1959: Nikita Khrushchev Barred from Visiting Disneyland

1959: Nikita Khrushchev Barred from Visiting Disneyland
Photo Credit To Wikipedia Commons

Story Highlights

  • Historical event:
  • 19 September 1959
  • Khrushchev was the first Soviet leader to visit the United States of America. His tour lasted 13 days. He visited Hollywood, met Frank Sinatra and Marilyn Monroe. He even visited one American farm, and met with the chairman of IBM, but couldn't visit Disneyland.

The powerful Soviet leader Nikita Khrushchev visited the USA in 1959, during the Cold War.

The visit lasted 13 days. Earlier this year, when the U.S. Vice President Richard Nixon visited Moscow, invited Khrushchev to visit the USA.

Khrushchev flew to America on September 15, 1959, and became the first Soviet leader to visit the USA. He was guest of the U.S. President Dwight D. Eisenhower (who was president from 1953 to 1961).
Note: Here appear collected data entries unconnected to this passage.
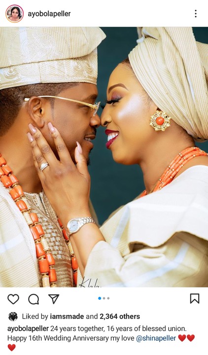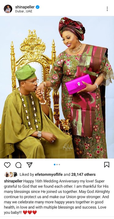 Popular Quilox Club owner and Politician, Shina Peller has shared photos on his Instagram page celebrating his wife, Ayobola Peller, on their 16th wedding anniversary. He wrote: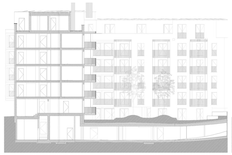 Durch das Zurückweichen an die Baulinie wird die Abwicklung der südseitigen Fassade und der Hofraum deutlich grösser. Dieser attraktive Innenhof dient der Bewohnerschaft als Aufenthalts- und Rückzugsort.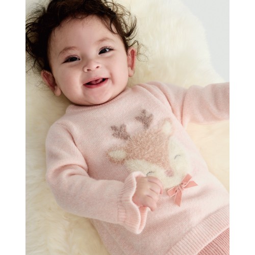 Fluffy Reindeer Jumper in Stone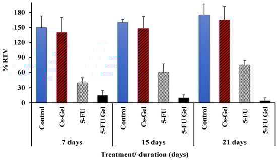 Interestingly, the group treated with non-loaded Cs/β-GP + PL showed a partial tumor growth inhibition compared with the untreated control group but was not significant. This finding may be attributed to the ability of chitosan polymer to penetrate cancer cell membranes bearing negative charges [,]. This result confirms the previously obtained data of cell viability studies (Figure 3 and Figure 4). For the same reason, the hydrogel-loaded 5-FU showed a significant growth inhibition (i.e., lower tumor volume, 12% RTV) compared with free drug (i.e., higher tumor volume, 40% RTV) after 7 days. The activity of the modified gel was extended for more than two weeks (8% RTV) but the free drug activity was diminished by time (60% RTV) due to its short duration of action. The obtained results and interpretation were in good agreement with the reported data [,].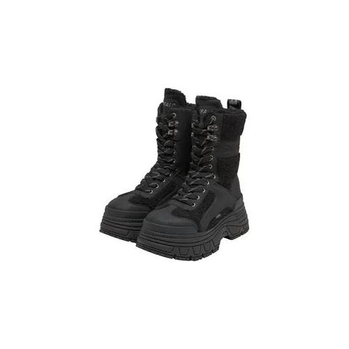 Die hohe Schaftkonstruktion mit Zuglasche und stabilem Schnürverschluss samt Metallösen und Haken sorgt für sicheren Halt und individuelle Weitenregulierung, während verstärkte Zehen- und Fersenpartien die Form stützen. Das klobige Sohlenprofil verleiht zusätzliche Trittsicherheit bei winterlichen Bedingungen und bringt zugleich einen modernen, kraftvollen Look in die Alltagsgarderobe.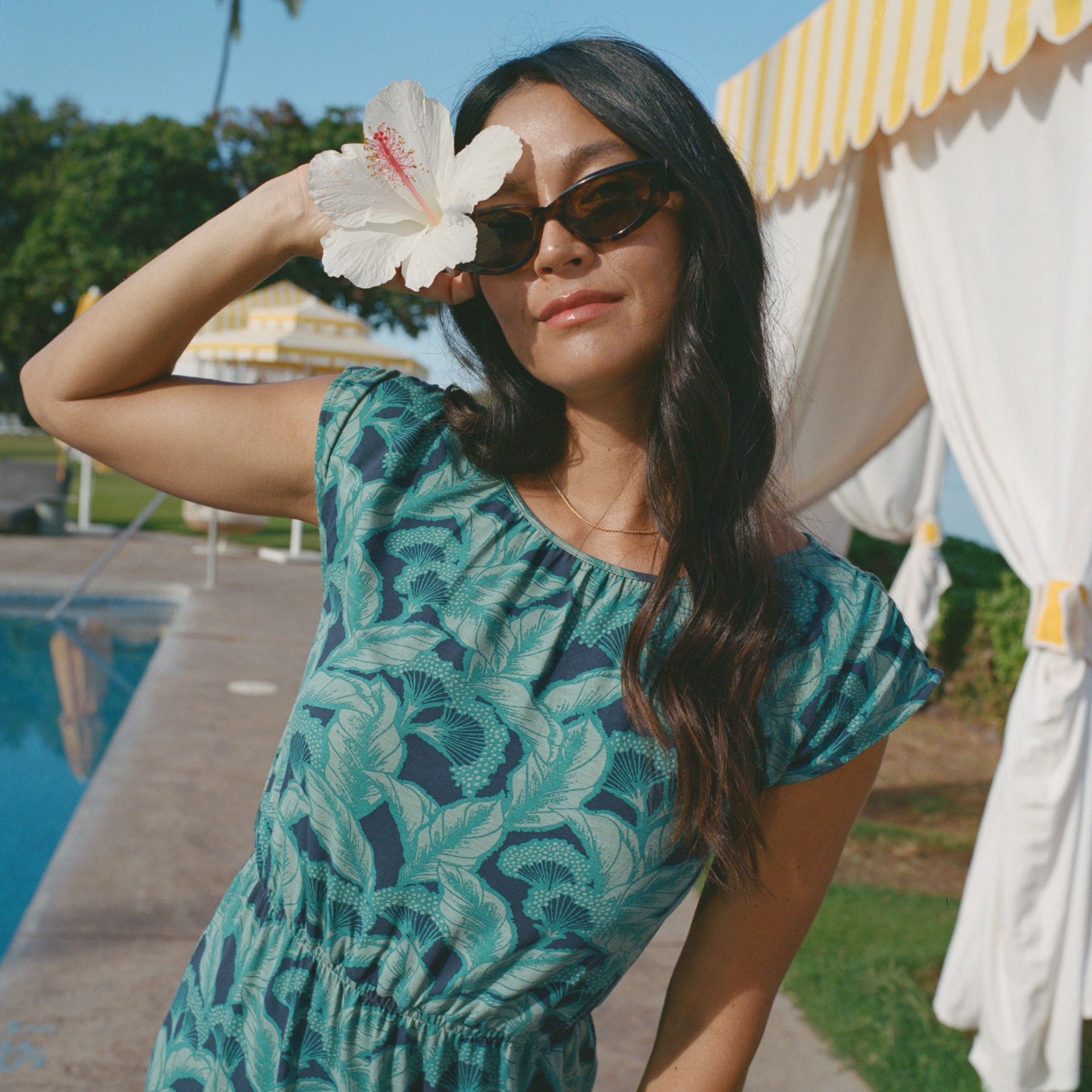 The Hihi'o Rosy Dress is a shirred maxi crafted from a soft rayon blend with just the right amount of stretch. A relaxed fit and bra-friendly wide neckline keep it easy, while delicate shirring at the shoulders adds a touch of texture. The channeled elastic waist flatters with adjustable comfort, and inseam pockets bring everyday ease to this flowy, cap-sleeve silhouette.

Khrushchev had a very busy schedule in the USA. He visited New York, Los Angeles, San Francisco, Iowa, Pittsburgh, as well as the capital city of Washington.

It is interesting to note that he even visited one supermarket in San Francisco, and local farm of Roswell Garst in Iowa. This farmer was known for his hybrid maize seed production, and Khrushchev organized planting the corn on large state farms in the USSR.

During his tour, which practically became something akin to a circus, Khrushchev met Shirley MacLaine and Frank Sinatra (in the middle of the filming of “Can-Can”), and Marilyn Monroe, whose bosses told her to wear the hottest dress for that occasion.

Khrushchev wanted to visit the famous Disneyland in California, located in the small town of Anaheim near Los Angeles.

However, he wasn’t allowed to visit Disneyland because of the “security reasons”. Apparently, Walt Disney was a hardcore anti-communist, and did not want the Soviet leader to visit “his” Disneyland.

Khrushchev visited the IBM headquarters, and met with its chairman Thomas Watson, also called the “biggest capitalist in history”. The IBM’s artificially intelligent computer system (IBM Watson) was named after him.

It is interesting to note that Khrushchev wasn’t so interested in computers, but the self-service coffee shop attracted his attention. Later, he organized similar self-service activities in the USSR.

At the end of his visit, Khrushchev met with President Eisenhower at Camp David, the famous presidential retreat in wooded hills (Maryland).

It is interesting to note that the Camp David was named after the president’s father and grandson, both named David.

Khrushchev returned home convinced that he developed a strong personal relationship with Eisenhower. He thought that he could achieve a peaceful agreement with the Americans.